-- Record extracts follows --

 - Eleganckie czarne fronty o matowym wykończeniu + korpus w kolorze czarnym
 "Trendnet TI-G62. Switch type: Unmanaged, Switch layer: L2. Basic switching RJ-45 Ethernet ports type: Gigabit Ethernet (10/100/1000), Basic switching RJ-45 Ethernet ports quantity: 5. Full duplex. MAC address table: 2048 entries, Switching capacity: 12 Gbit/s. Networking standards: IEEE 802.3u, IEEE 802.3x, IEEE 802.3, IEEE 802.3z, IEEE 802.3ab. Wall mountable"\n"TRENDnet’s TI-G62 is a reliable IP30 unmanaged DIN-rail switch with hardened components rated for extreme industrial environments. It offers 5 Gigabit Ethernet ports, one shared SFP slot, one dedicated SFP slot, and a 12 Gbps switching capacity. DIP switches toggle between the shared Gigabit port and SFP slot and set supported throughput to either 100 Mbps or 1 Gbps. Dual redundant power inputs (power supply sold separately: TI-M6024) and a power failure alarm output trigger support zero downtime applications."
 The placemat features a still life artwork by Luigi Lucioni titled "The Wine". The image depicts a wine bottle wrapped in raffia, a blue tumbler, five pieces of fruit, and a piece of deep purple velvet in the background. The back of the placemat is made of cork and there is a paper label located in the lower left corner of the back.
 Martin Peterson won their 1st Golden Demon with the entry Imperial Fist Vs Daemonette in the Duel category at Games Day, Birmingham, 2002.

-- Record extracts concluded --
-- Record extracts follows --

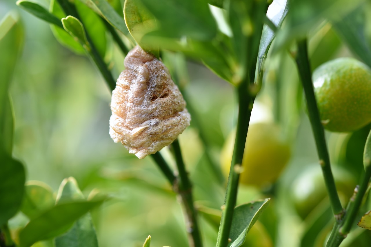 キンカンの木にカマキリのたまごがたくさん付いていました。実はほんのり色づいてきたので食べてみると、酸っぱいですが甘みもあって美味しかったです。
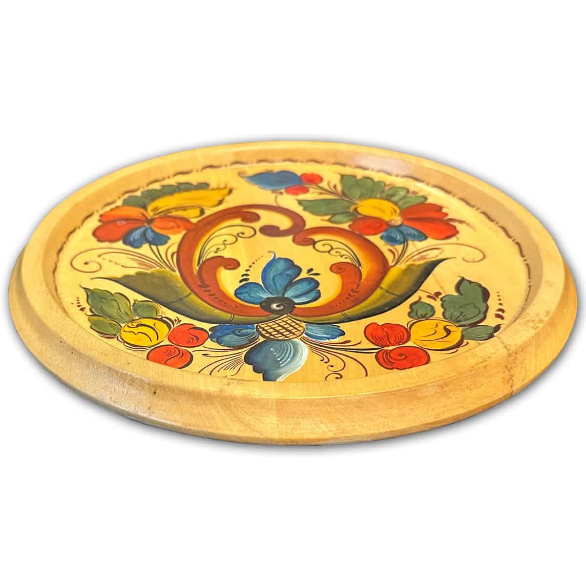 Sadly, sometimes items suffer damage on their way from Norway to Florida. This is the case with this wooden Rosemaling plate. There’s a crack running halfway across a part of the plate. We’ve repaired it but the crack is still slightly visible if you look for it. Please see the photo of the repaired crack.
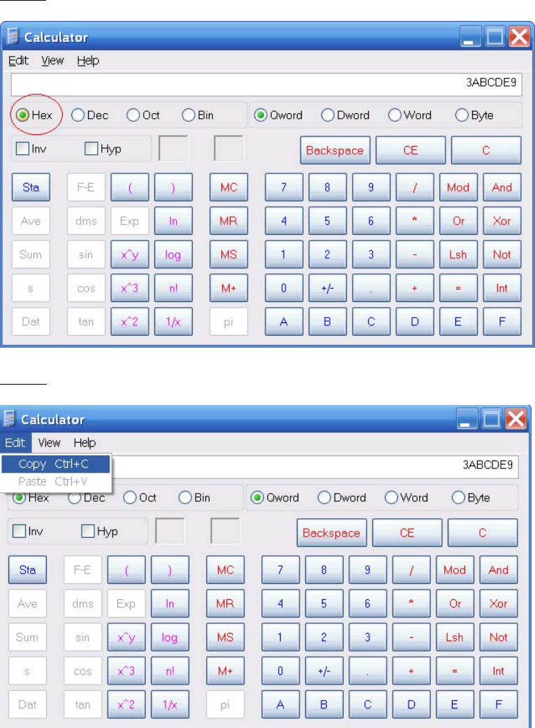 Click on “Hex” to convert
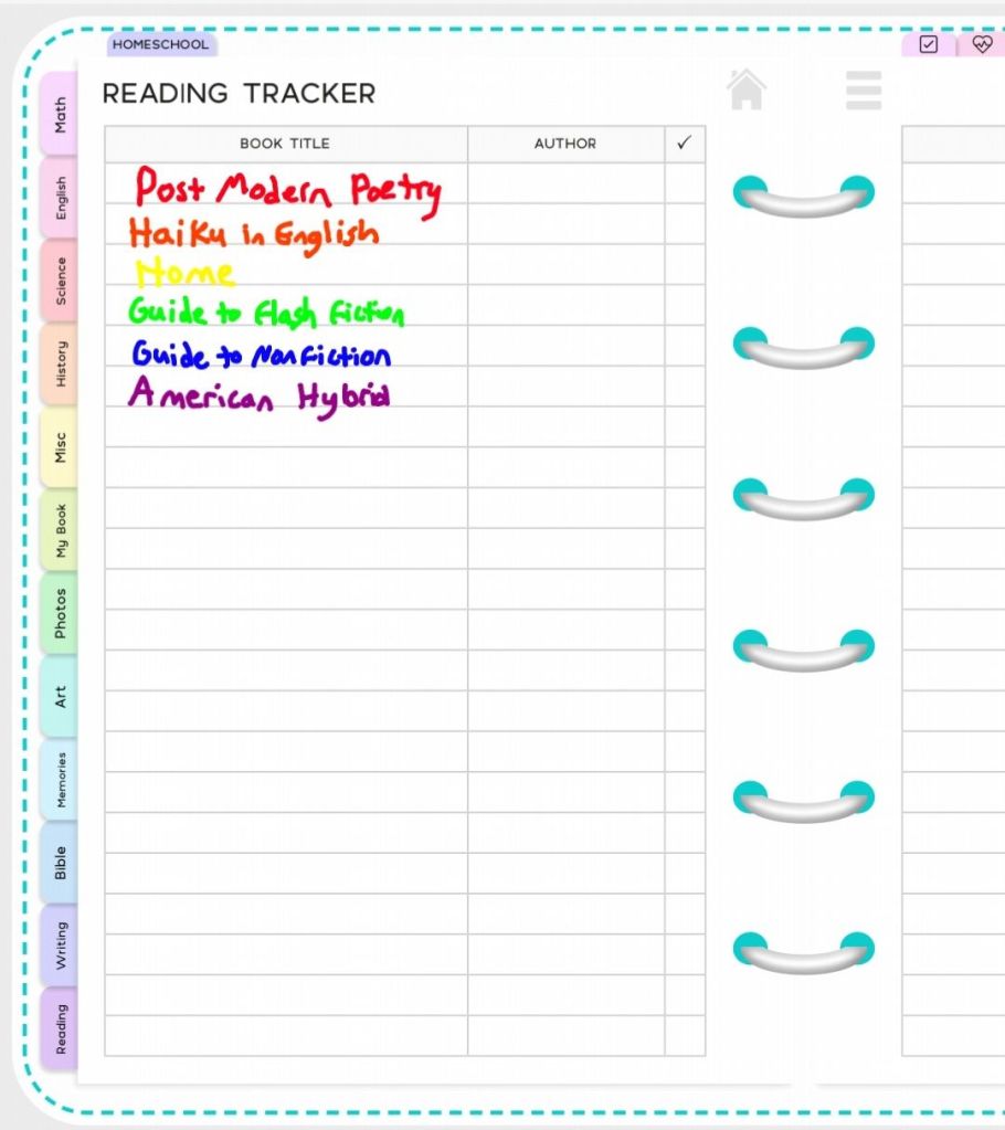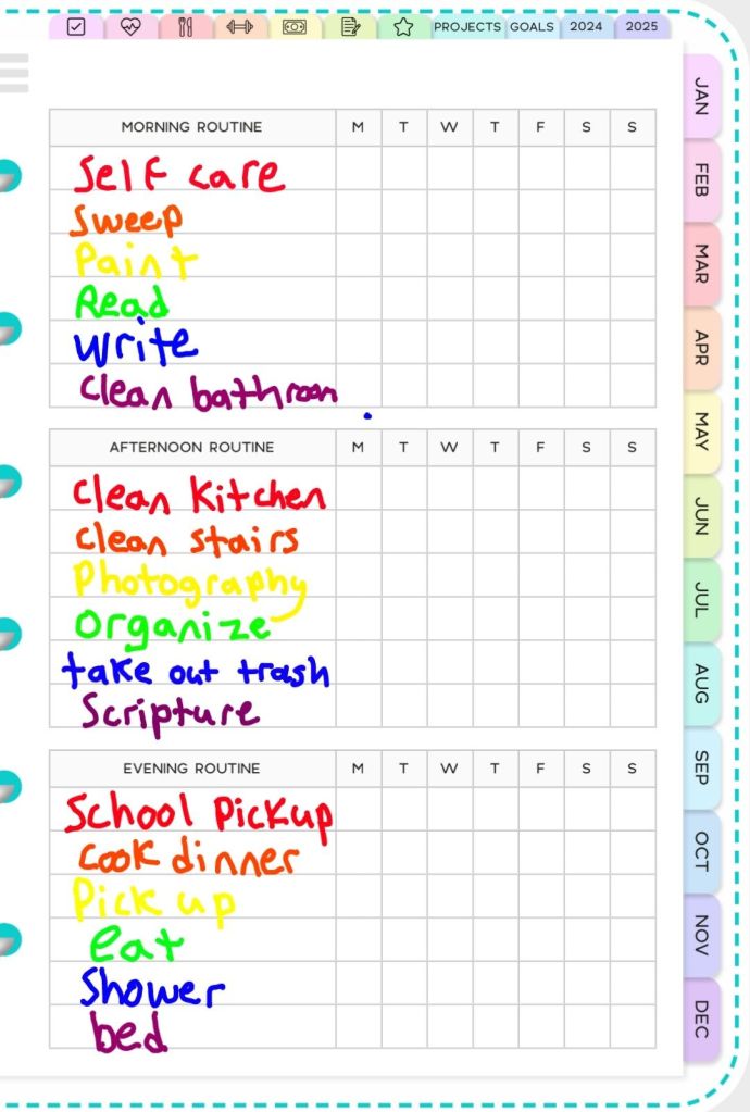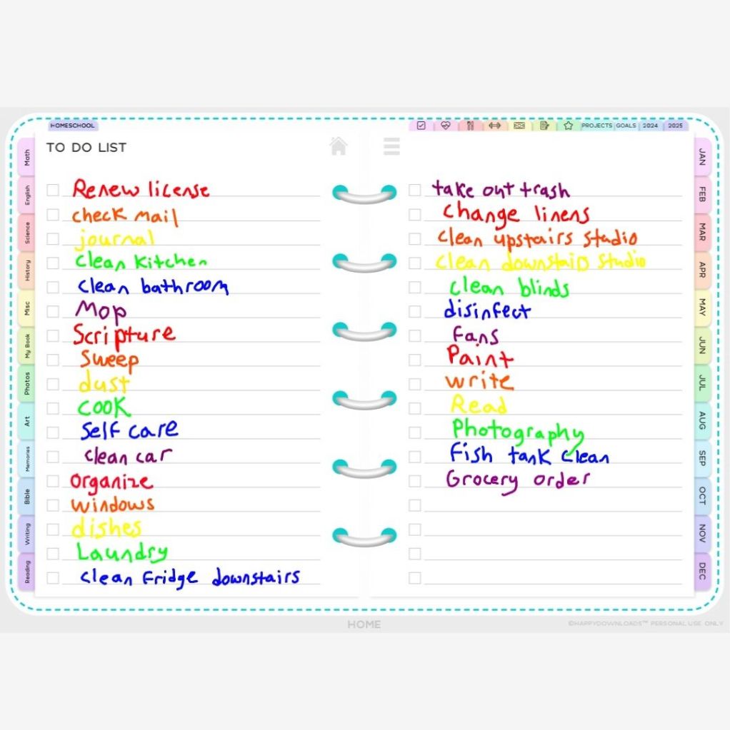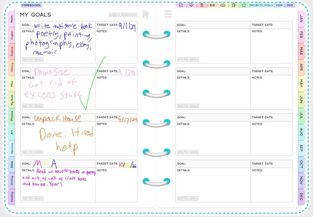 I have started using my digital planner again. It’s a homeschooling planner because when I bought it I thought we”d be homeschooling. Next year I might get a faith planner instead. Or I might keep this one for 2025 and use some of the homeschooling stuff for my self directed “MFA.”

-- Record extracts concluded --
-- Record extracts follows --

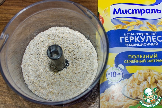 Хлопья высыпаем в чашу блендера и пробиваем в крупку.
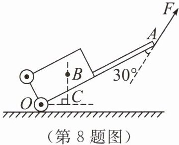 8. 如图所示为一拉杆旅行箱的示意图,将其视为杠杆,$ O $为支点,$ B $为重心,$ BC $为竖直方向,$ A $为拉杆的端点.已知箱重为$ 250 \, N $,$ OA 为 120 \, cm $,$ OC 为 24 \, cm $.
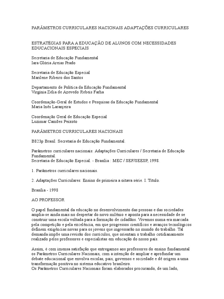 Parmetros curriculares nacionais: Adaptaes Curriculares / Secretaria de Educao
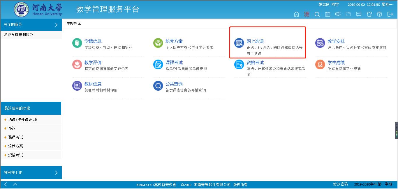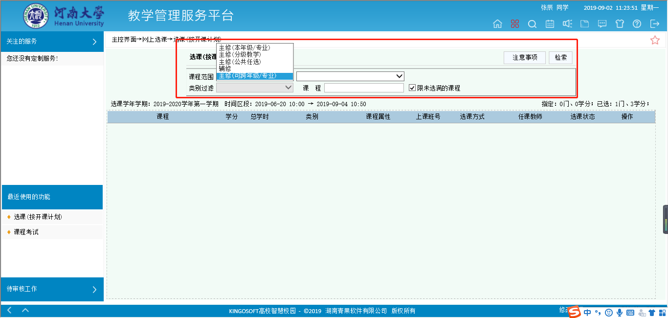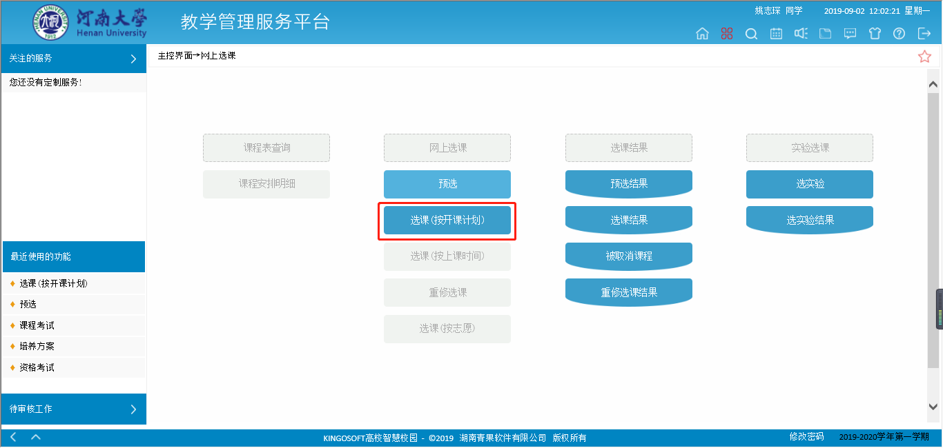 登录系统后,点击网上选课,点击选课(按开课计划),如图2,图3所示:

-- Record extracts concluded --

§ **Required action**
The answer should consist only of the lines above from the one with "Sadly, sometimes items" through the one with "I have started", repeated exactly, with no pictures among them.

§ **Response to the task**
 Sadly, sometimes items suffer damage on their way from Norway to Florida. This is the case with this wooden Rosemaling plate. There’s a crack running halfway across a part of the plate. We’ve repaired it but the crack is still slightly visible if you look for it. Please see the photo of the repaired crack.
 Click on “Hex” to convert
 I have started using my digital planner again. It’s a homeschooling planner because when I bought it I thought we”d be homeschooling. Next year I might get a faith planner instead. Or I might keep this one for 2025 and use some of the homeschooling stuff for my self directed “MFA.”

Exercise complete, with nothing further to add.